▶ _TRY IT_
Omit the images. Reproduce each line of the records exactly as it appears.

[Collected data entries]
↓

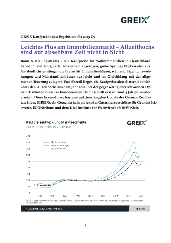 In the second quarter of 2025, prices for residential real estate in Germany continued their upward trend, though without significant acceleration. The strongest gains were seen in single-family houses, while apartments and multi-family houses saw only modest increases, roughly in line with overall inflation. In most regions, prices remain well below their 2022 peaks. Given the current sluggish momentum, it is not expected that those levels will be reached again – on average nationwide – for another four years. These insights are based on the latest update of the German Real Estate Index (GREIX), a joint project of the local expert committees for property values (Gutachterausschüsse für Grundstückswerte (GAAs)), ECONtribute, and the Kiel Institute for the World Economy (IfW Kiel).
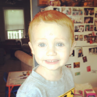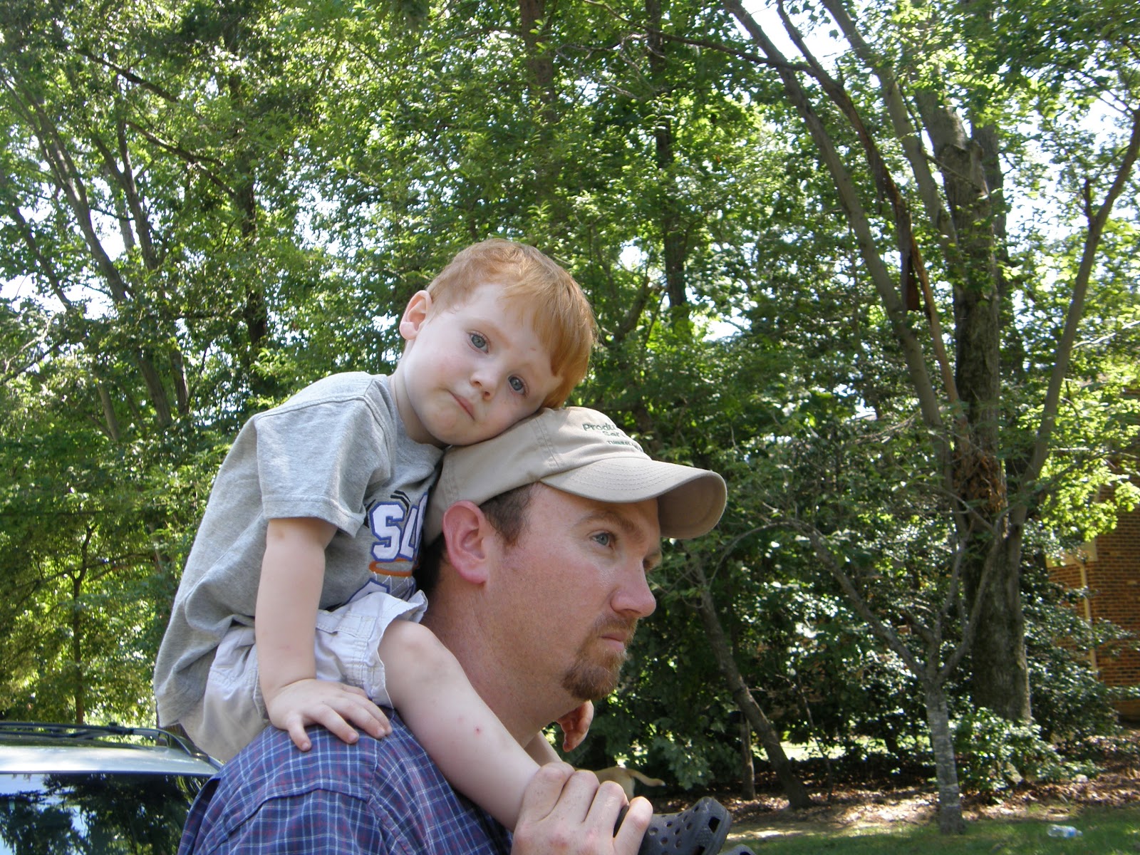 Thatcher was starting to slip into a Benadryl coma after being stung by a bee twice while watching the guys take the tree off Grandma and Pap's house.
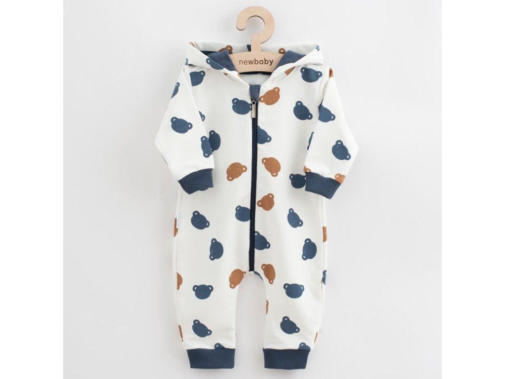 Roztomilý a praktický overal s kapucňou New Baby Little One. Overal je celopotlačený medvedíkmi, má zapínanie na zips po celej dĺžke a pružné lemy na rukávoch a nohavičkách. Kapucňa je podšitá farebnou podšívkou a je zdobená roztomilým brmbolcom. Overal je vyrobený z pohodlnej teplákoviny. Vhodný na celoročné nosenie. Materiál: 96% bavlna, 4% elastan.
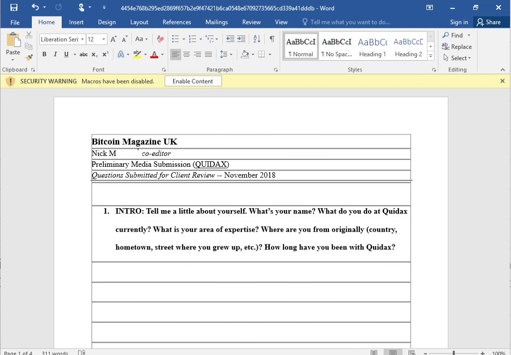 OSX.BadWord is a threat exploiting a Microsoft Word for Mac sandbox escape and delivering a Meterpreter payload. Like similar Word-based attacks on Windows, this leverages a VBA macro to execute code and infect the user. OSX.BadWord is distributed via an email to staff of the Quidax cryptocurrency platform, inviting them to contribute to “BitCoin Magazine UK”.
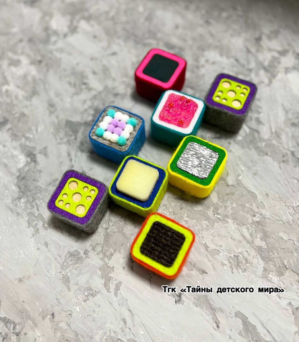 Если в вашем арсенале до сих пор нет такой полезняшки- то искренне рекомендую ее приобрести. Оно способно очаровать всех малышей от самого раннего возраста до четырёхлетних исследователей. Варианты взаимодействия: ▫️Для грудничков Прикосновения к коже малыша становятся первым контактом с миром различных тактильных ощущений. Нежно поглаживая ладошки или стопы ребёнка сенсорными кубиками, расскажите ему, какая поверхность мягкая, какая колючая или гладкая. Можно подключит пальчиковую гимнастику. Таким образом вы обогащаете представления малыша о внешнем мире, стимулирует осязание и развивает мелкую моторику рук ▫️Для уверенно сидящих малышей Предложите ему кидать кубики в емкости разного материала-тазик, металлическую кастрюлю, тканевый мешочек и т.д.. Каждый раз звучат совершенно разные нотки, что учит различать шумы и улучшает слуховое восприятие. ▫️После года Сенсорное лото превращается в инструмент расширения словарного запаса. Используйте игру, называя текстуры: «Шершавый»,

↑

▶ _REPLY_
 In the second quarter of 2025, prices for residential real estate in Germany continued their upward trend, though without significant acceleration. The strongest gains were seen in single-family houses, while apartments and multi-family houses saw only modest increases, roughly in line with overall inflation. In most regions, prices remain well below their 2022 peaks. Given the current sluggish momentum, it is not expected that those levels will be reached again – on average nationwide – for another four years. These insights are based on the latest update of the German Real Estate Index (GREIX), a joint project of the local expert committees for property values (Gutachterausschüsse für Grundstückswerte (GAAs)), ECONtribute, and the Kiel Institute for the World Economy (IfW Kiel).
 Thatcher was starting to slip into a Benadryl coma after being stung by a bee twice while watching the guys take the tree off Grandma and Pap's house.
 Roztomilý a praktický overal s kapucňou New Baby Little One. Overal je celopotlačený medvedíkmi, má zapínanie na zips po celej dĺžke a pružné lemy na rukávoch a nohavičkách. Kapucňa je podšitá farebnou podšívkou a je zdobená roztomilým brmbolcom. Overal je vyrobený z pohodlnej teplákoviny. Vhodný na celoročné nosenie. Materiál: 96% bavlna, 4% elastan.
 OSX.BadWord is a threat exploiting a Microsoft Word for Mac sandbox escape and delivering a Meterpreter payload. Like similar Word-based attacks on Windows, this leverages a VBA macro to execute code and infect the user. OSX.BadWord is distributed via an email to staff of the Quidax cryptocurrency platform, inviting them to contribute to “BitCoin Magazine UK”.
 Если в вашем арсенале до сих пор нет такой полезняшки- то искренне рекомендую ее приобрести. Оно способно очаровать всех малышей от самого раннего возраста до четырёхлетних исследователей. Варианты взаимодействия: ▫️Для грудничков Прикосновения к коже малыша становятся первым контактом с миром различных тактильных ощущений. Нежно поглаживая ладошки или стопы ребёнка сенсорными кубиками, расскажите ему, какая поверхность мягкая, какая колючая или гладкая. Можно подключит пальчиковую гимнастику. Таким образом вы обогащаете представления малыша о внешнем мире, стимулирует осязание и развивает мелкую моторику рук ▫️Для уверенно сидящих малышей Предложите ему кидать кубики в емкости разного материала-тазик, металлическую кастрюлю, тканевый мешочек и т.д.. Каждый раз звучат совершенно разные нотки, что учит различать шумы и улучшает слуховое восприятие. ▫️После года Сенсорное лото превращается в инструмент расширения словарного запаса. Используйте игру, называя текстуры: «Шершавый»,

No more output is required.